WHAT THE TASK ASKS | Please output only the lines running from the one that contains "黄色いチューリップの花園 OEKO-TEX 柄生地 - 韓国生地" through the last line of the data below, exactly as they stand, with no pictures.
BEGIN THE RECORDS
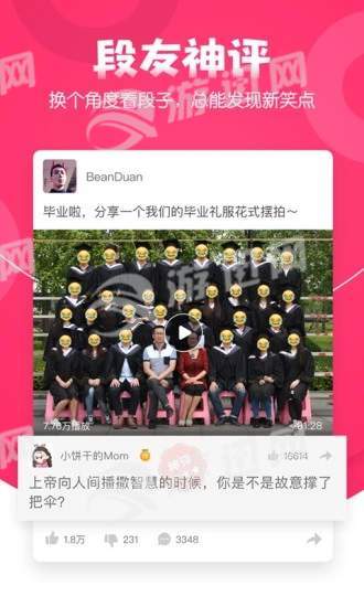 段友tv是一款全新上线的娱乐段子软件,是百万段友的新归处,这里集聚了众多的幽默搞笑段子,众多热门小视频,每日更新,第一时间享受欢乐,一键分享,趣味无穷!
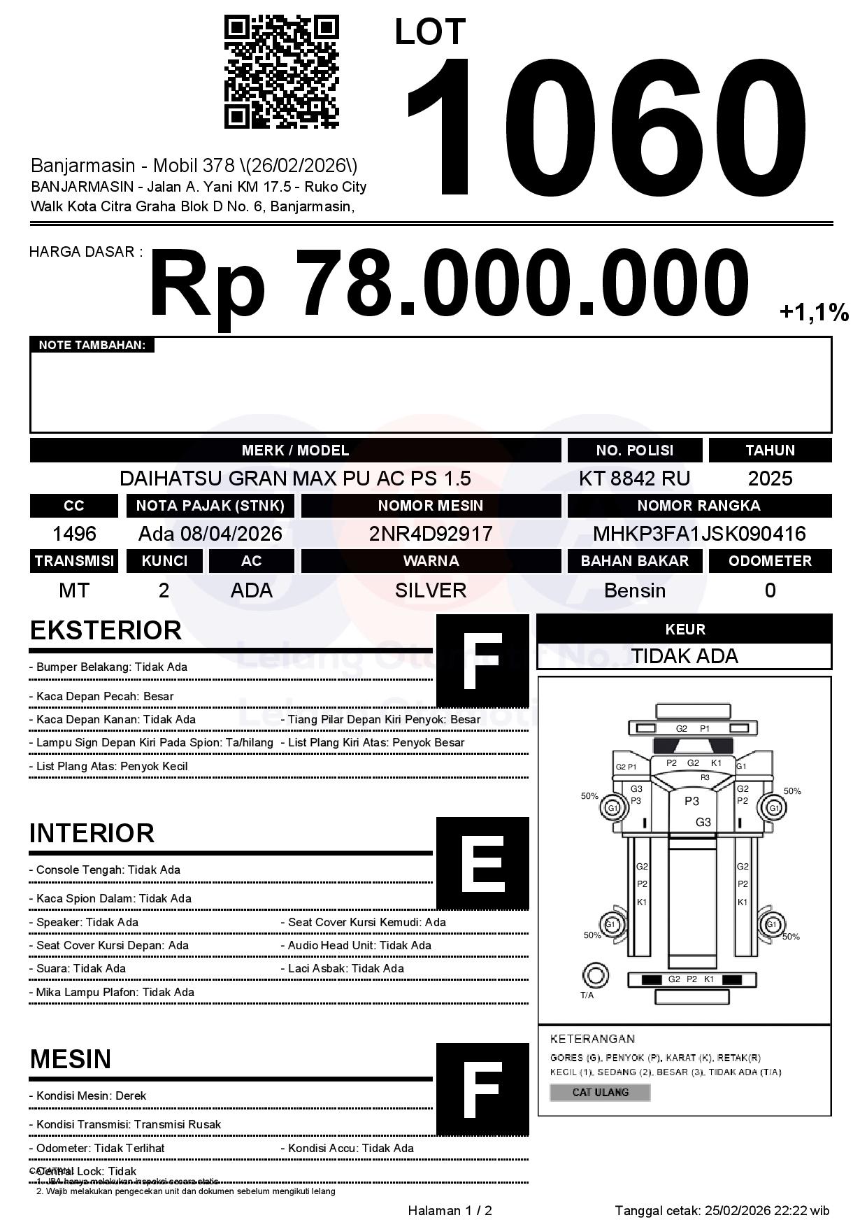 Tanggal Lelang: 26/02/2026 | 14:00 WITA
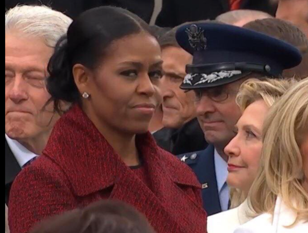 If the face doesn't say everything already. Mrs. Obama let us know how she felt about Trump's inauguration with the stank face seen 'round the world. This disapproving "mmph" generated a lot of buzz and even a quick comment from SNL's "Weekend Update" which is notoriously known as the President's favorite show. Michelle Obama could be living up to her Secret Ruler of the World potential with this break-in. Whatever it is, we support you, Michelle.
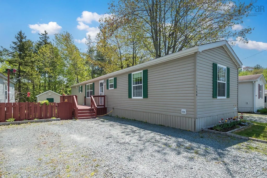 Stop renting & start living! Welcome to 1158 Susan Drive, a 910 sq ft mini home in the heart of Beaver Bank. This 3 bed 1 bath home is situated on a large lot in the Woodbine Community Trailer Park, with a double car driveway, shed, deck & partially fenced back yard. This home has experienced numerous upgrades over the years including a new heatpump in 2018, flooring, countertops & backsplash, electrical & plumbing and more. Inside you will find a fantastic layout with 3 decently sized bedrooms, a large full bath/ laundry, spacious living room & eat-in U-shaped kitchen with tonnes of counter and cupboard space. This is the perfect place to raise a small family, care for pets, retire or simply begin your homeownership journey! Call now.
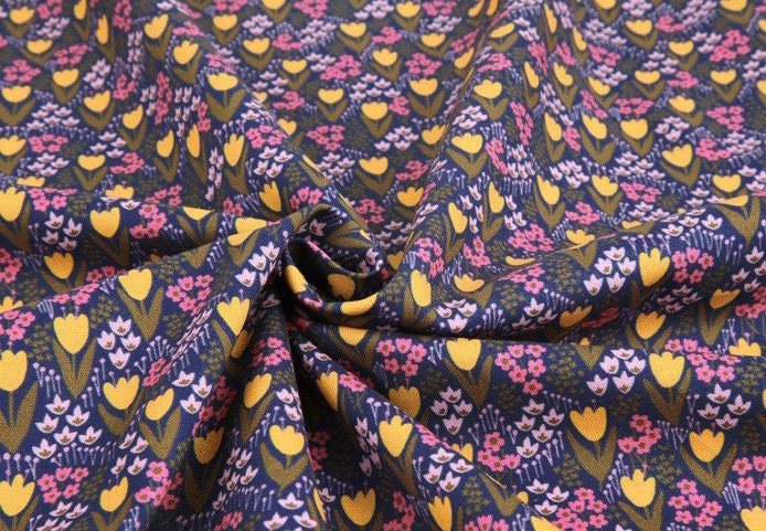 黄色いチューリップの花園 OEKO-TEX 柄生地 - 韓国生地
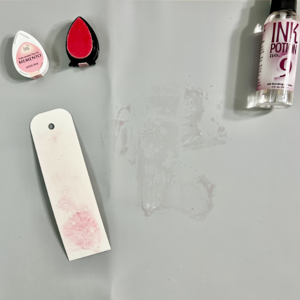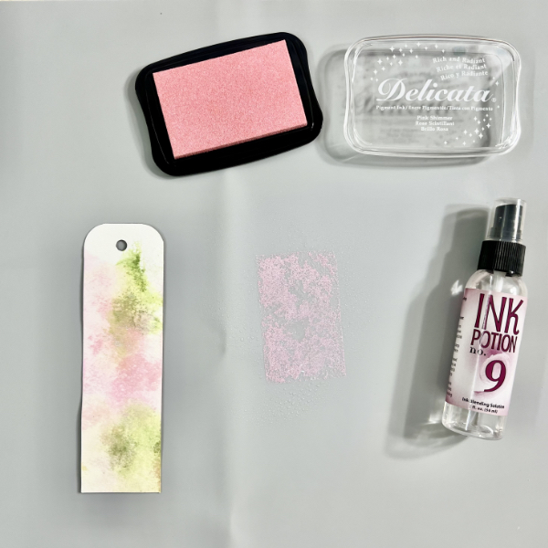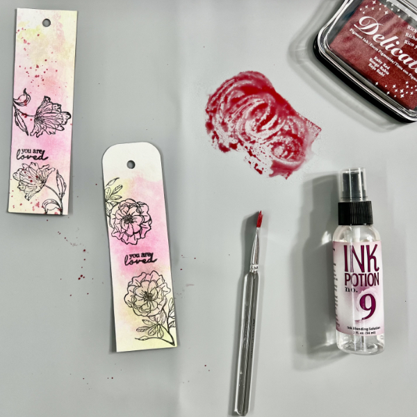 Dab some of the Delicata ink on the craft mat, spray it with the Ink Potion No. 9, and then smoosh the bookmark into the ink. Gently press it to get the ink transferred well.
END THE RECORDS
THE COMPLETED TASK |
 黄色いチューリップの花園 OEKO-TEX 柄生地 - 韓国生地
 Dab some of the Delicata ink on the craft mat, spray it with the Ink Potion No. 9, and then smoosh the bookmark into the ink. Gently press it to get the ink transferred well.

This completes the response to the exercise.